Neither Wolfe’s reliance on State ex rel. Hawkins v. Pickaway Cty. Bd. of Elections (1996), 75 Ohio St.3d 275, 662 N.E.2d 17, nor our duty to liberally construe statutory restrictions on rights to be a political candidate requires a contrary result. In Hawkins, we construed a substantially different previous version of R.C. 311.01(B)(9),1 and held that “the mere fact that Hawkins failed to hold a ‘rank’ specifying supervisor status did not preclude him from performing duties which constituted supervisory experience or its equivalent when he was a patrolman and deputy sheriff.” Id. at 278, 662 N.E.2d at 20. But unlike former R.C. 311.01(B)(9), the current version of R.C. 311.01(B)(9) expressly requires that *186the supervisory experience be “as a peace officer at the rank of corporal or above.” (Emphasis added.) Hawkins is consequently inapposite.2
Similarly, although we have a duty to liberally construe R.C. 311.01(B)’s limitations on the right to be an eligible candidate for sheriff in order to permit electors to choose from all qualified candidates, see State ex rel. Altiere v. Trumbull Cty. Bd. of Elections (1992), 65 Ohio St.3d 164, 165, 602 N.E.2d 613, 614, “ ‘[t]here is no need to liberally construe a statute whose meaning is unequivocal and definite.’ ” Nibert v. Ohio Dept. of Rehab. & Corr. (1998), 84 Ohio St.3d 100, 102, 702 N.E.2d 70, 71, quoting Lake Hosp. Sys., Inc. v. Ohio Ins. Guar. Assn. (1994), 69 Ohio St.3d 521, 525, 634 N.E.2d 611, 614. Given the clarity of the language of R.C. 311.01(B)(9), we need not apply interpretative rules to discern its meaning; we need only apply its unambiguous language. Harsco Corp. v. Tracy (1999), 86 Ohio St.3d 189, 192, 712 N.E.2d 1249, 1251-1252.

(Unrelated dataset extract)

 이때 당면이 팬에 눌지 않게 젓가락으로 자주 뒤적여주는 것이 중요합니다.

Based on the foregoing, the board neither abused its discretion nor clearly disregarded R.C. 311.01(B)(9) by granting the protest and invalidating Wolfe’s candidacy for sheriff. Wolfe failed to satisfy either of the conditions specified in R.C. 311.01(B)(9). Therefore, we deny Wolfe’s request for extraordinary relief in mandamus.
Writ denied.
Moyer, C.J., Douglas, Resnick, F.E. Sweeney, Cook and Lundberg Stratton, JJ., concur. Pfeifer, J., dissents.. Former R.C. 311.01(B)(9) provided that no person is eligible to be a candidate for sheriff unless that person “has at least two years of supervisory experience or its equivalent.” 141 Ohio Laws, Part III, 5506.

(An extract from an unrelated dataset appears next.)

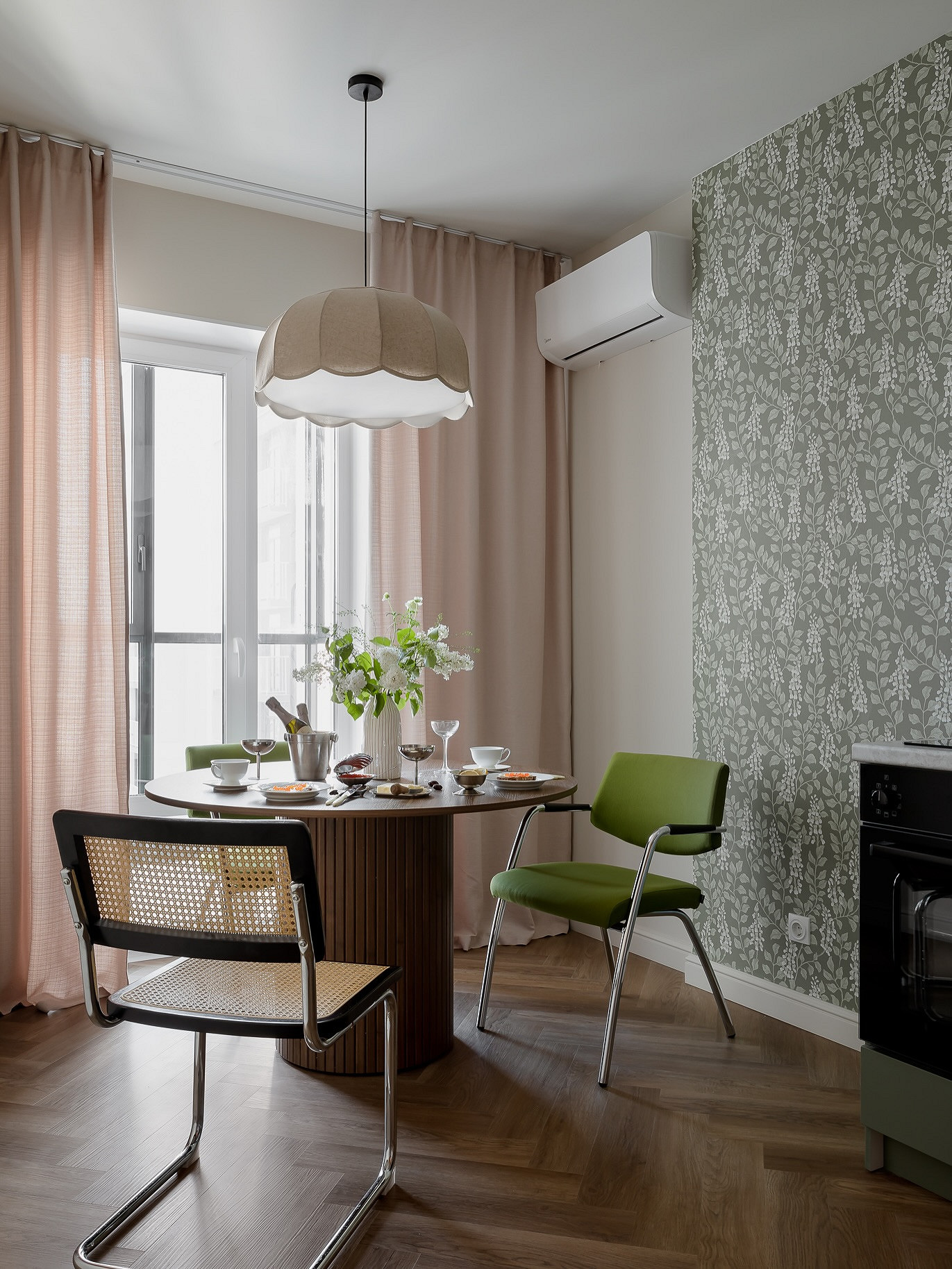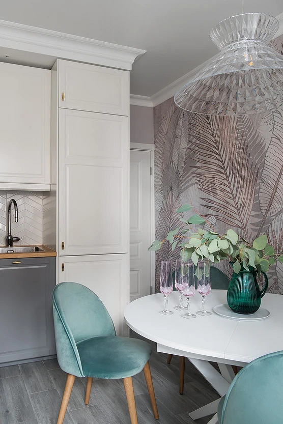 Как комбинировать обои на кухне

. Even if Hawkins applied, the evidence is such that the board would have been justified in determining that Wolfe still did not have the requisite supervisory experience. For example, there was evidence that Wolfe never supervised anyone during the time that he was employed by the Kirkersville Police Department. And Wolfe testified at one point in the protest hearing that he never performed sergeant’s duties for the sheriffs office until January 1, 1996. Although Wolfe claims in his reply brief that this portion of his testimony was incorrectly transcribed, he introduced no evidence to that effect.